You take my hand and turn it / so our knuckles face down and our shards of century / drip into a little pool / shining like seconds / You whisper while you trace my youngest bones /

Close enough, baby
Close enough

—Jules Crewe-Kluge


A Bonsai From Kyushu

Your absence 
rages ātar of my heart.

Relationship status:
apart, not entangled

Years before:

I float around you
like a bonsai
from Kyushu

Sixteen:

inside
red cherry blossoms
a loop

Eleven:

masters tāṇḍava
awaits a muse

Nine:

abducted from home
sold to Language

Seven:

the banyan trees
stop following me

One:

I crawl
flushed

Zero:

I babble truth
birth spirits
collect faces
shed skins
release time.

—Salik Shah


The Return

A prison, in a time and place unimaginable to the solar system,
experienced second by second, going forward.

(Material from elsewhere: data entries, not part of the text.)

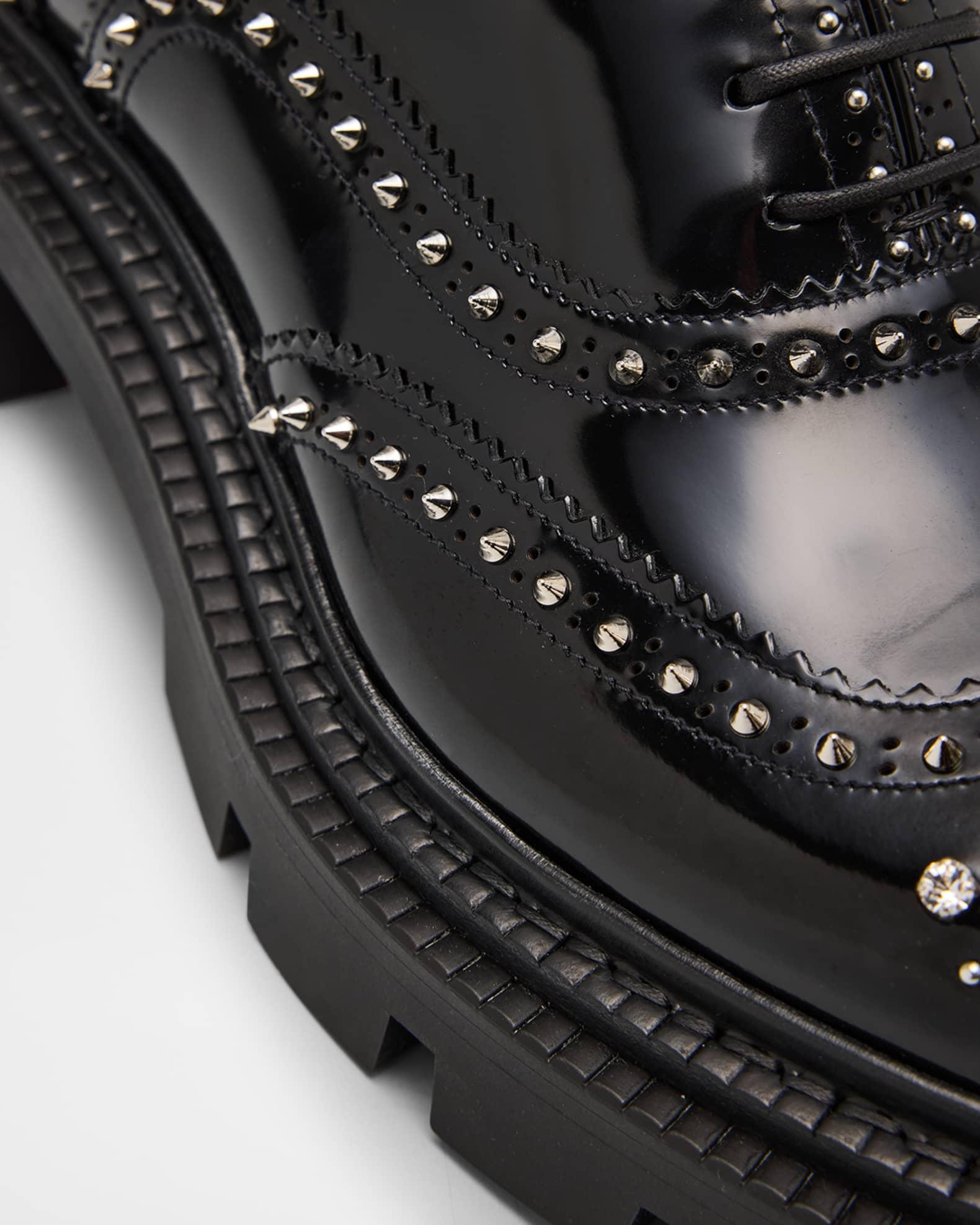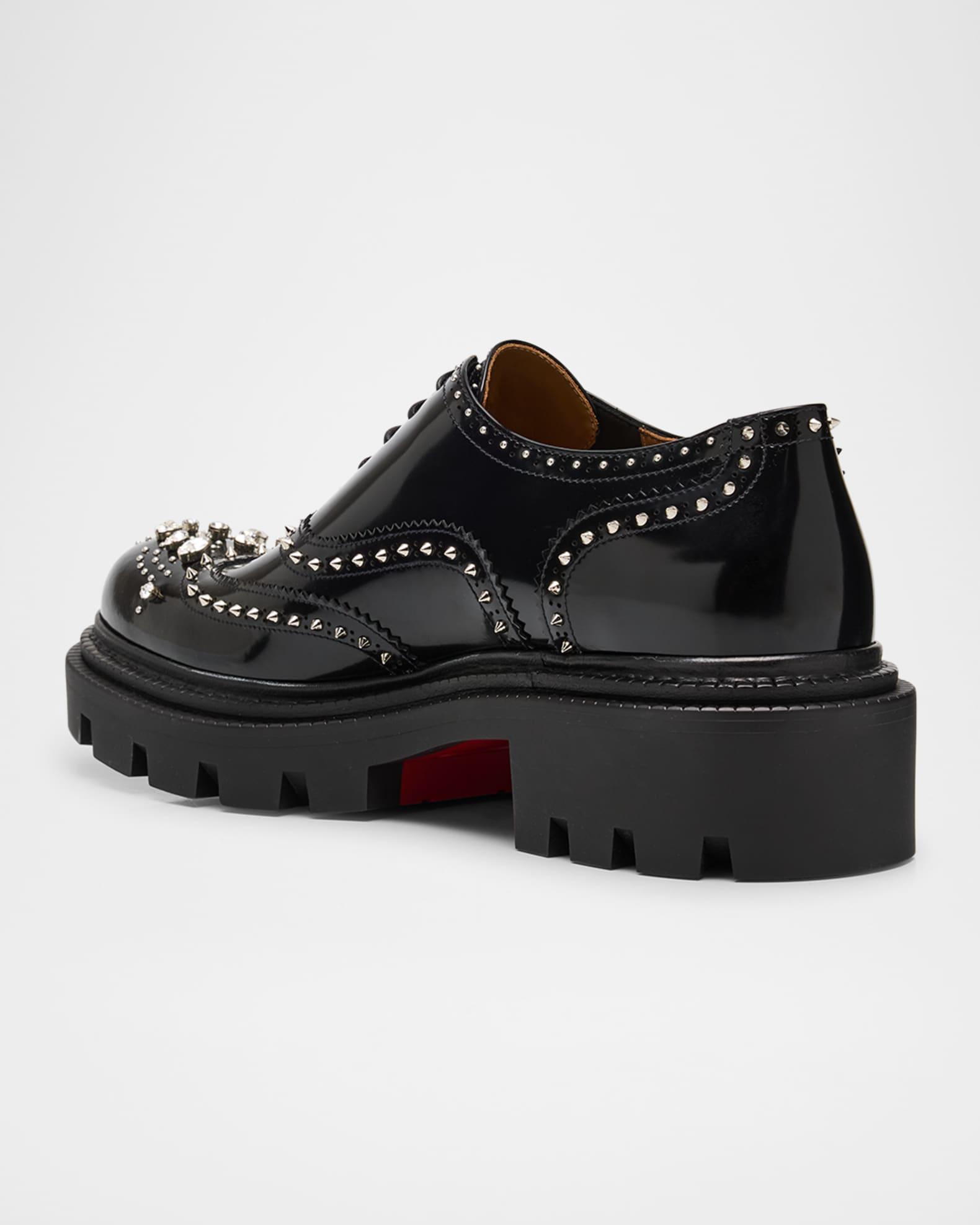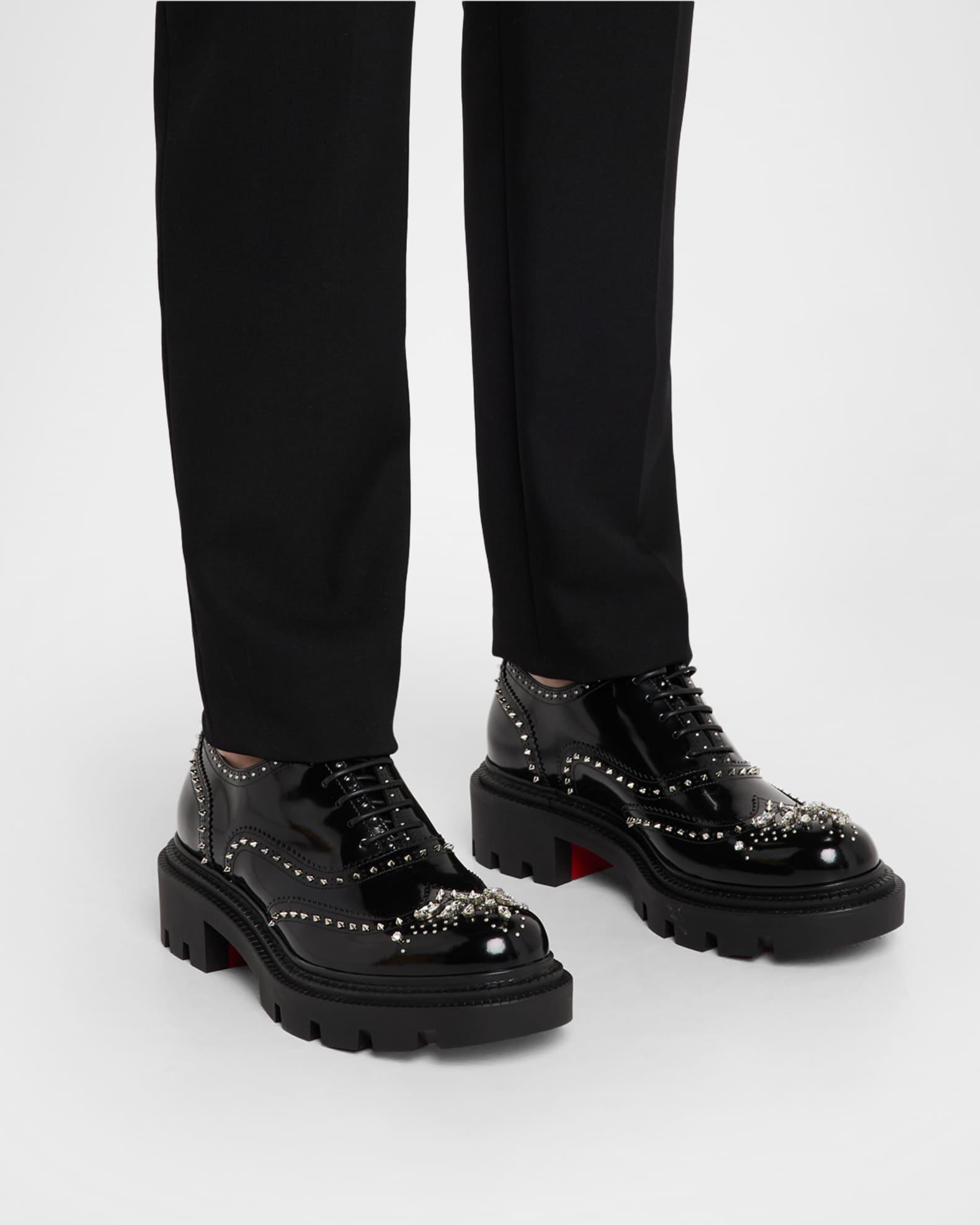 Inspired by the urban lines of the Penny Loafer, the College Strass lace-up shoe is crafted from black calf leather decorated with strass, crystals, and spikes. Enhanced by a discreet finish and openwork, this refined Maison Christian Louboutin model is set on a notched sole. Christian Louboutin "College Strass" Oxfords in shiny calf leather Features crystal, stud, & spike embellishment Chunky heel Round toe Lace-up vamp Signature Loubi red notched sole Made in Italy
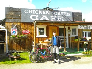 Day 20 (17 miles) (‘49 mile’ Campsite to Chicken): Tough little stretch of rolling hills and arrived at Chicken. Had the 1/3 pound buffalo burger and spent the rest of the day in the Chicken Creek Bar drinking Amber ales and talking to the owner, or more precisely the owner talking to me as when Susan holds court in her place, her word is law. You got to be tough to survive up her and the locals have this self reliant certitude about them. The tour buses cruise through for souvenirs – anything with ‘Chicken written on it. Later in the day the old gold miners and the camper tourists fill up the bar and a couple of guitar players emerge to put down the Dixie Chicks tunes. The owner’s daughter is back from university where she has an ice hockey scholarship. “Your legs must be hard” says she (the saucy little darling). Your correspondent: “Indeed, hard and getting harder” (Susan the owner/mother would no doubt sever my manhood). Later in the evening the manners are slipping in the bar as the camper-van girls get a few on board and the panty gun (a paint ball gun adapted for purpose), is fired off a few times. The remnant threads are hung on the trophy ceiling and walls. Your correspondent was of course tucked up in bed thinking pure thoughts and pondering how to cure all known diseases by that point. (If you are 18 or above go to www.buff3yinthebuff.com and pay your $14.95 for one month’s membership for alternate versions). It’s all happening in Chicken. Camped in a “walled tent” out the back of the shop that had a stove.
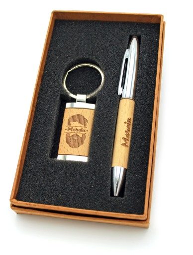 Ekologiczny zestaw upominkowy składający się z długopisu oraz breloka wykonanych z metalu i drewna.
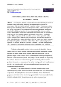 Across all genres, television communicates a host of perceived dangers or risks to human survival as entertainment, responding and reproducing the victim and risk consciousness of the late twentieth and early twenty-first centuries. Terrorism has captured the imaginations of not only politicians but also producer/writers, and as a consequence of this, and the visual spectacle that war and terrorism provide, it has featured regularly and consistently in British and American television programming. This article presents the analysis of some British current affairs entertainment programming (film and documentary) broadcast by the BBC during the height of the misnamed ‘war on terror’. Through the analysis of these programmes, I will demonstrate a psycho-cultural approach to textual analysis informed by early object relations psychoanalysis. Being aware of the degree to which political elites have shaped what is known about the ‘war on terror’ allows us to apply knowledge of the political and historical context of these elites to understanding why the dominant ‘war on terror’ perspective is paranoid in character. I will offer an explanation of why a paranoid style predominates in terrorism related programming in my conclusion.
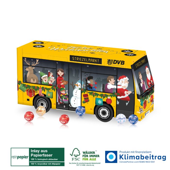 Der 3D Adventskalender Lindt „Bus“ Organic ist der perfekte, nachhaltige Begleiter, um süße Freude zu verschenken und weihnachtliche Stimmung zu verbreiten. Besonders geeignet für die Tourismusbranche, sorgt dieser Kalender für ein besonderes Highlight in der Adventszeit.
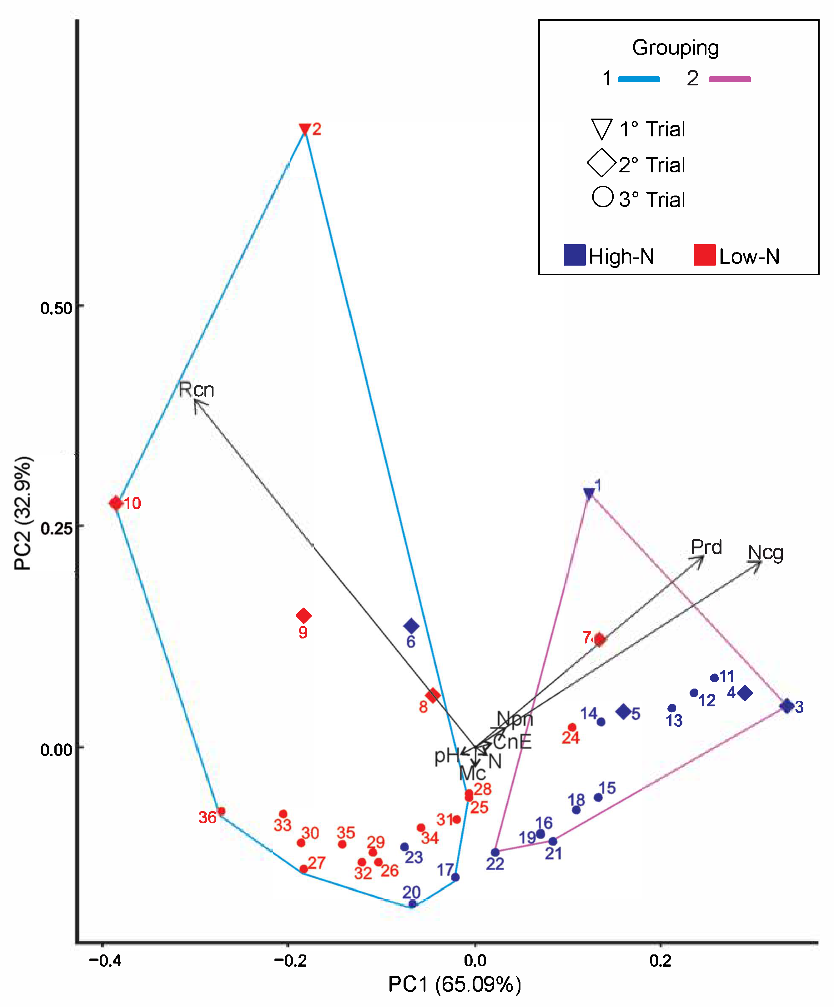 Low-N | 23.9 b | 24.08 | 5.15 b | 4.33 |

Built impregnable: a complex for monsters.
In that place, the gulf between rooms became a universe;
borrowed light and heat and gravity.

Creation, a moment away, prowled: patient and deathless,
waiting for a question.
Until time ended, imprisoned away in the hearts of black holes.
A fail-safe.

Except … one day the Universe shook and crashed, throwing galaxies,
and suns unfiltered returned to time once more.
Revenge was what it wanted.


This poem is an erasure of Doctor Who: Nothing O’Clock by Neil Gaiman.

—Jess Capelle


Die Uhren

In weichen Riesenknäueln, darin Traum
und tiefer Schlummer brünstig sich umschlangen,
durchfloß die Nacht den hochgewölbten Raum;
so unaufhaltsam drangen
ihre Sammetwogen und so schwer und breit
aus einer unerschöpfbaren Unendlichkeit,
daß sie die Stadt, die Tages hier gestanden,
fortschwemmten in die fernste Ewigkeit
und meine Sinne sie nicht wiederfanden,
daß mich das Bodenlose ganz umfing
und zitternd ich in seinem Brunnen hing – – –
da ging ein Schlagen durch die Nacht,
von allen Türmen auf und nieder
schwatzten die Uhren ihre Stunde wieder,
wirr, hastig, auf und ab und ohne Ende
zerbrachen sie mir meines Brunnens Wände
und riefen: es ist vier! ist vier! ist viere! –
Da hab ich meines Schlummers laut gelacht
und ihrer, dieser braven Uhrentiere.

—Gustav Sack (1885–1916)

*

The Clocks (translated from the German)

In soft great tangles of deep slumber
ardently entwined with dream
the night flowed on through high-domed space;
its velvet billows rolled along so irresistibly,
so broad and ponderous
from inexhaustible infinity,
they washed away the daytime city that had stood here,
swept it off to uttermost eternity,
my senses couldn’t rediscover it,
so the abyss swallowed me completely,
in its well-shaft I hung trembling — — —
then a clamour echoed through the night,
from all the towers up and down
the clocks reeled out the hours again,
wild and headlong, up and down and endlessly
they shattered my well’s walls
and shouted: it is four! is four! is four! —
Which left me laughing loudly at my slumbers
and at them, these gallant Clockerels.